- Born: 1924 Dubai
- Died: 27 August 2019 (aged 94–95) Dubai
- Resting place: Qusais Cemetery, Dubai
- Occupation: Businessman
- Title: Chairman, Al Ghurair Group
- Children: 6
- Relatives: Abdulla Al Ghurair (brother), Abdul Aziz Al Ghurair (nephew) Mohamed Saif Al Ghurair (son)

= Saif Ahmad Al Ghurair =

Emirati businessman

Saif Ahmad Al Ghurair (سيف أحمد الغرير; 1924 – 27 August 2019) was an Emirati billionaire businessman, CEO of the Dubai-based Al-Ghurair Group, a large company in the UAE's real estate and manufacturing sectors.
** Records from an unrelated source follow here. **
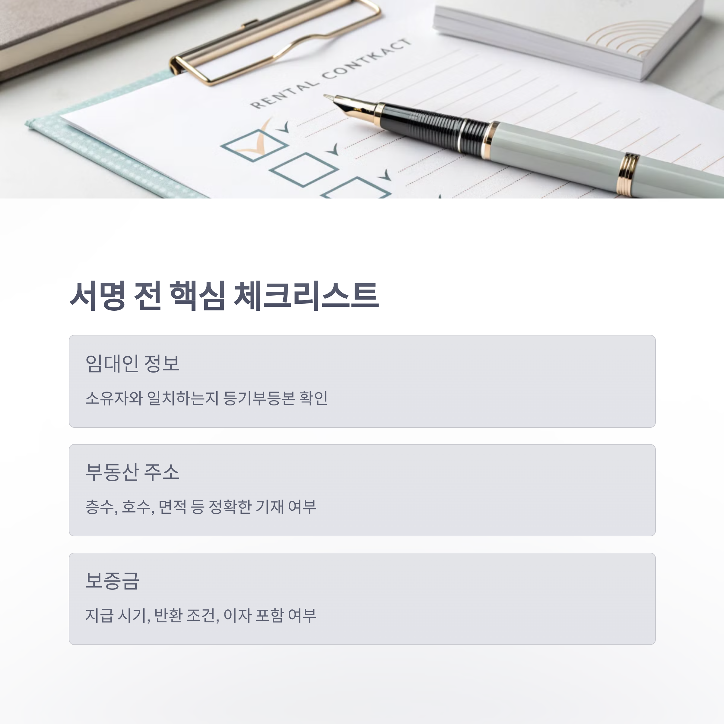 계약서에 서명한 순간부터 법적 효력이 발생하기 때문에, 내용을 하나라도 놓치면 나중에 문제 될 수 있어요. 아래 체크리스트는 실제 임대차계약을 체결하기 전 꼭 확인해야 할 항목들을 정리한 것입니다.
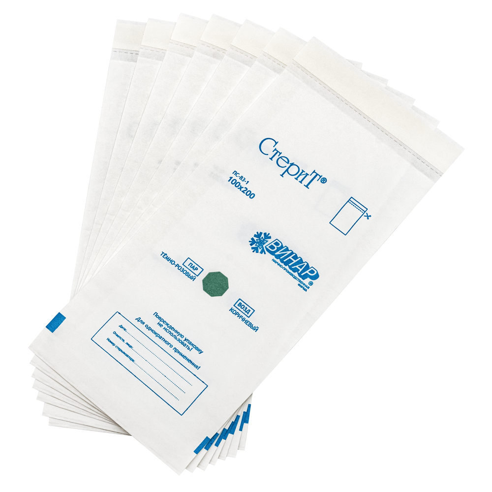 Материал упаковочный для стерилизации: Пакеты бумажные самоклеящиеся «СтериТ®» ПС-ВЗ-1, 115х200мм, 100
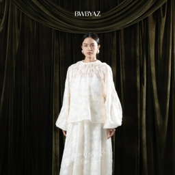 Crafted from soft premium lace, this blouse features a refined sheer finish with intricate motifs that add depth and texture. Defined by a clean, timeless silhouette, it is detailed with two soft gathers at the shoulders for subtle shaping, complemented by puffed sleeves with elastic cuffs that provide gentle volume and ease.
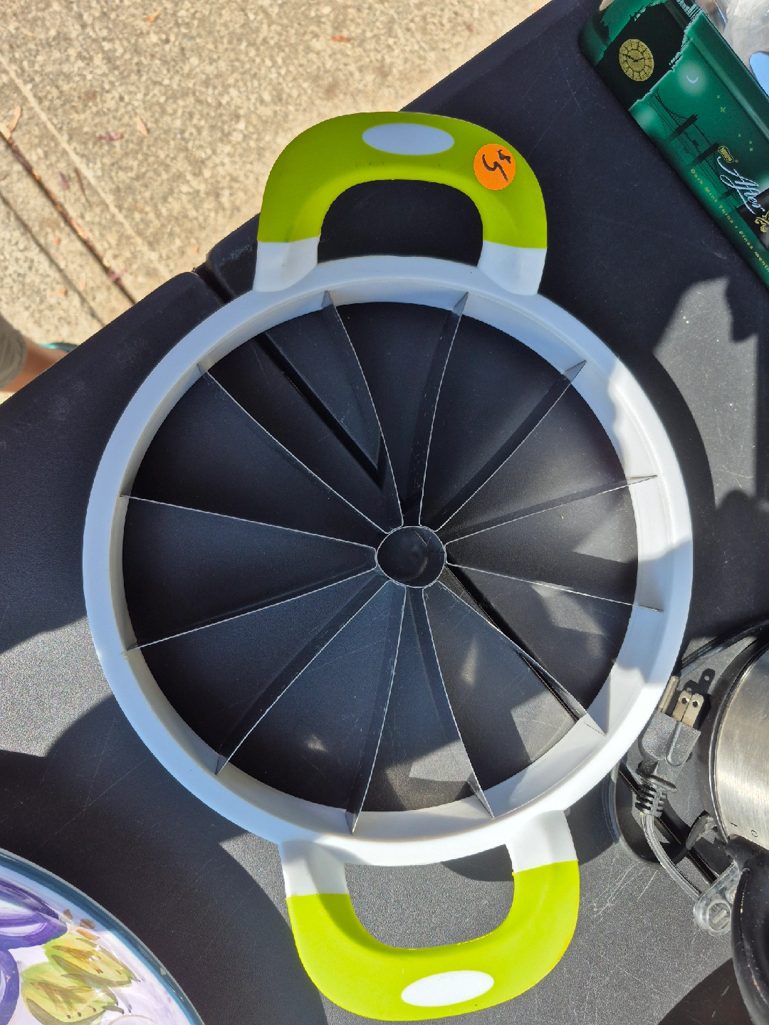 Selling a watermelon slicer with a green handle. It looks like it's in great shape and ready to make slicing watermelons a breeze! still very sharp. location is Bathurst and Dundas street area on Euclid avenue
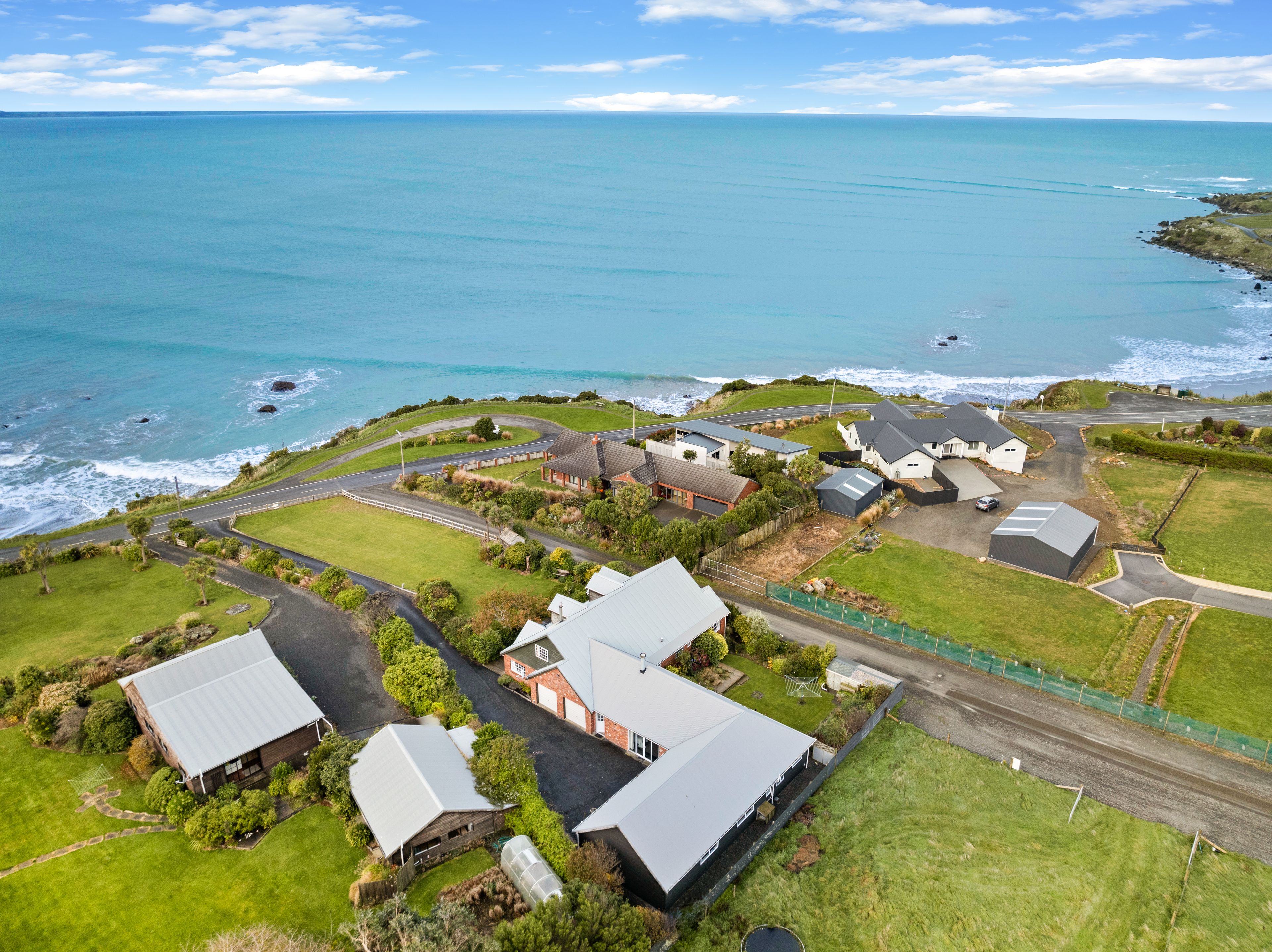 In the main home, there are five bedrooms, one downstairs and four upstairs, two toilets and a large bathroom, plus unobstructed ocean views from the bedrooms. The kitchen is a chef's dream, well-appointed with a butcher's block and open-plan design that seamlessly flows into the dining area, offering stunning views of the bay. The home boasts two spacious living areas. The formal living area exudes beach elegance, while the second large living area features a cozy woodman's burner and heat transfer system. Both open to a sunny North-facing patio area. Tucked away off the second living area, there's a cozy nook ideal for a kids' playroom or a tranquil hideaway office space.

His family owns and leads the different business units of the group.

==Early life==
Al Ghurair was born in 1924 on the shores of Dubai Creek, the eldest of five sons.

==Career==
In 1960, he founded the Al Ghurair Group, a company which has interests in banking, steel and packaging. The group invested in real estate, retail and manufacturing.

In 2004, his group opened a second Burjuman Centre with an office tower, hotel, and luxury service apartments. He was also a significant shareholder in Mashreq.

In 2006, he formed the company Taghleef Industries through a merger of Dubai PolyFilm with Technopak of Egypt and AKPP in Oman, and it became one of the world’s largest manufacturers of polypropylene films, lamination, and food packaging.

In 2015, his net worth was estimated at $3.4 billion.

==Personal life==
He was the eldest son of Ahmed Al Ghurair. He was married with six children, and lived in Dubai.

A stormy boat trip to India in the 1930s to sell dates left him blind in one eye.

==Death==
Al Ghurair died in Dubai in August 2019, aged 95. He was buried in Qusais Cemetery, Dubai on 27 August 2019.